The content of the article, of course, is not the ultimate truth, but just a description of the results of my ongoing quest, which outlines the approaches that worked for me, based on books and training, on trial and error. I will be glad to discuss with you in the comments.
Python - (pxeno)
It happens that a company is looking for a data scientist, but in fact it needs a Python developer. Therefore, when preparing for an interview, it makes sense to brush up on Python information, and not just study the algorithms.
The Mail.ru Cloud Solutions team translated an article from a developer who has repeatedly found himself in such a situation and based on his experience compiled a list of 53 questions and answers to prepare for an interview. Most data scientists write a lot of code, so this list is useful for both data scientists and engineers. It will be useful for job seekers, interviewers, and those who are just learning Python.
View Champions
Contemplation of the great fractal similarity (randall)
Fractals are not just a beautiful natural phenomenon. According to our research , viewing the fractal structures by 60% increases stress, measured on the basis of physiological parameters. When contemplating fractals in the frontal cortex of the brain, in just one minute, the activity of alpha waves increases - as during meditation or when feeling mild drowsiness.

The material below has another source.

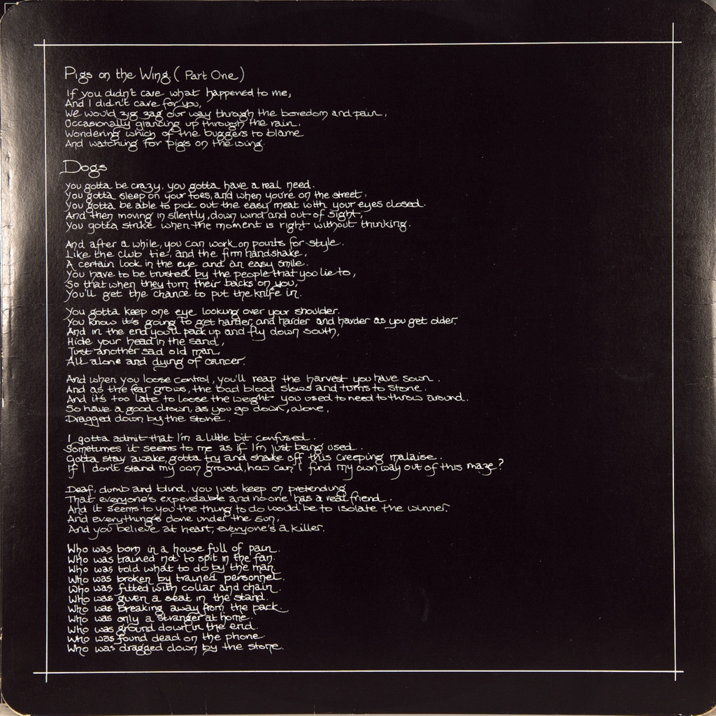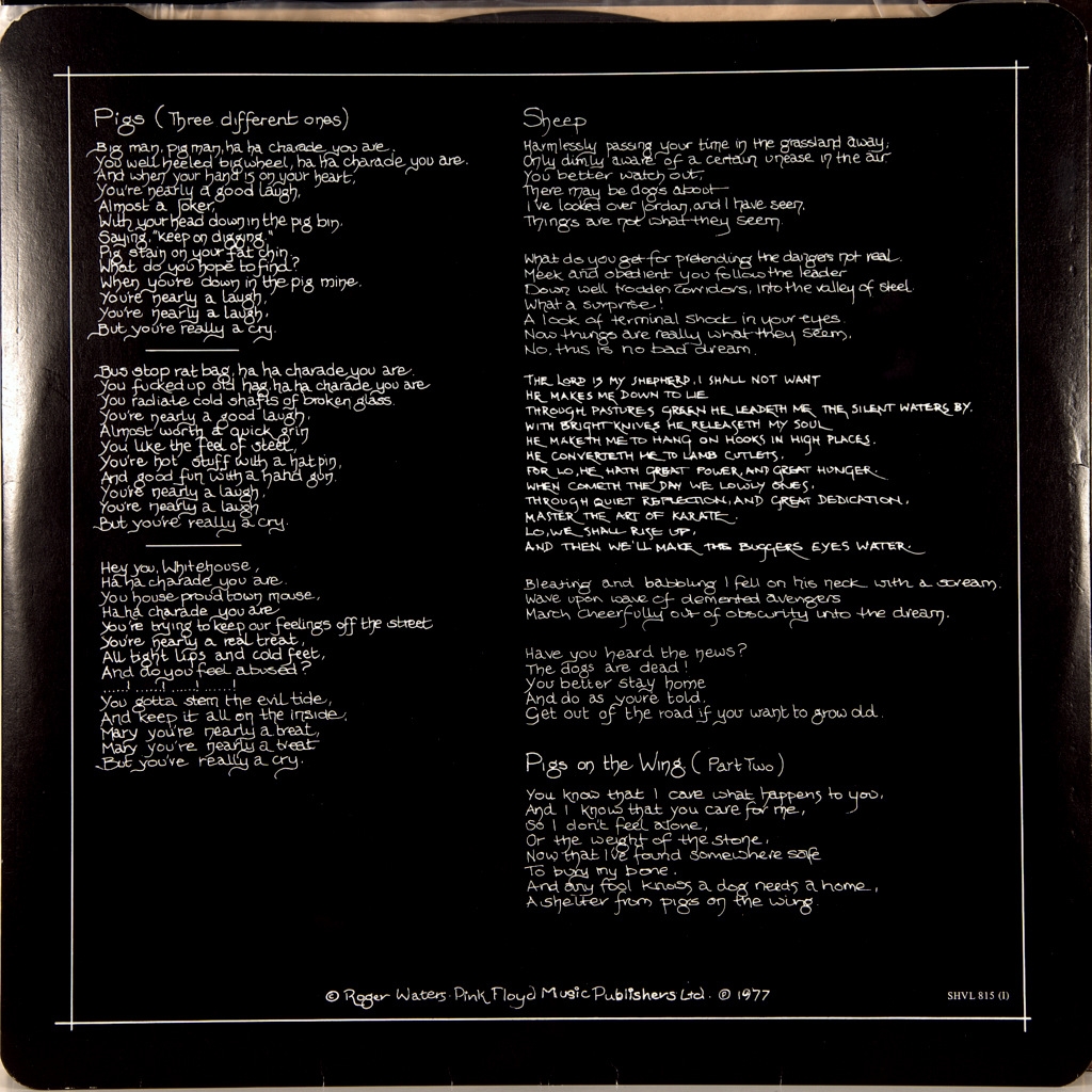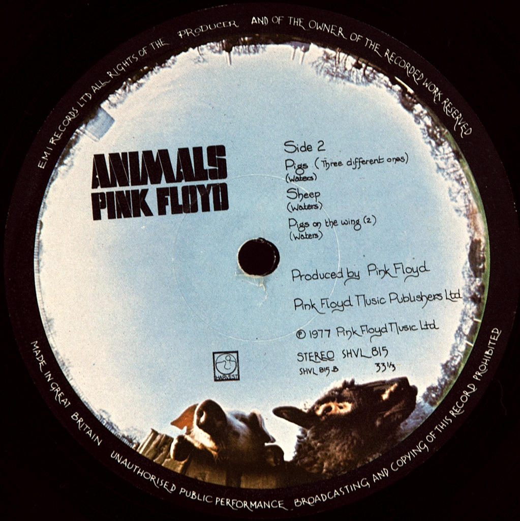 PINK FLOYD-ANIMALS-1977-ПЕРВЫЙ ПРЕСС UK-HARVEST - SHVL815 матрицы A-2U/B-2U. Очень редкий оригинал с первыми матрицами. Animals — десятый студийный альбом британской прогрессив-рок-группы Pink Floyd, выпущенный 23 января 1977 года. Записан в студии «Британиа роу» (Britannia Row Studios) (Лондон). Достиг второго места в хит-параде Великобритании и третьего в США. Первоначально альбом был издан в Великобритании 23 января 1977 года на лейбле Harvest Records, затем на Columbia Records в США 2 февраля 1977 года.Альбом занимает 14 место в списке «25 лучших классических альбомов прогрессивного рока» по версии PopMatters.

Not surprisingly, fractal biodesign has a calming effect on humans. We like to look at the clouds, at the flames in the fireplace, at the foliage in the park ... How does it work? Scientists suggest that the natural course of our eyes' search movements is fractal. When the dimensions of the trajectory of eye movement and the fractal object coincide, we fall into a state of physiological resonance, due to which the activity of certain parts of the brain is activated.
But not all fractals are created equal. In this article, we will talk about the fractal dimension and its impact on health.
Determining COVID-19 on X-rays with Keras, TensorFlow and Deep Learning (AloneCoder)
With the help of this tutorial, we will use Keras, TensorFlow and deep learning to automatically detect COVID-19 from a manually collected dataset from X-rays.
Mnemonics: exploring methods for increasing brain memory (randall)
A good memory is often innate in some people. And therefore there is no point in competing with genetic "mutants", exhausting yourself with training, including memorizing poems and coming up with associative stories. Since everything is written in the genome, you cannot jump over your head.
Indeed, not everyone is given to build, like Sherlock, palaces of memory and visualize any sequence of information. If you tried the basic techniques listed in the article on mnemonics on Wikipedia, and you didn't succeed, then there is nothing wrong with that - memorization techniques for an overworked brain become a super task.
However, it's not all bad. Scientific research shows [ 1 ]that some mnemonics can literally physically change the structure of the brain and improve the skill of memory management. Many of the world's most successful mnemonists competing in professional memory competitions started learning in adulthood and were able to greatly enhance their brain power.
Thanks to everyone who read it. And Happy New Year!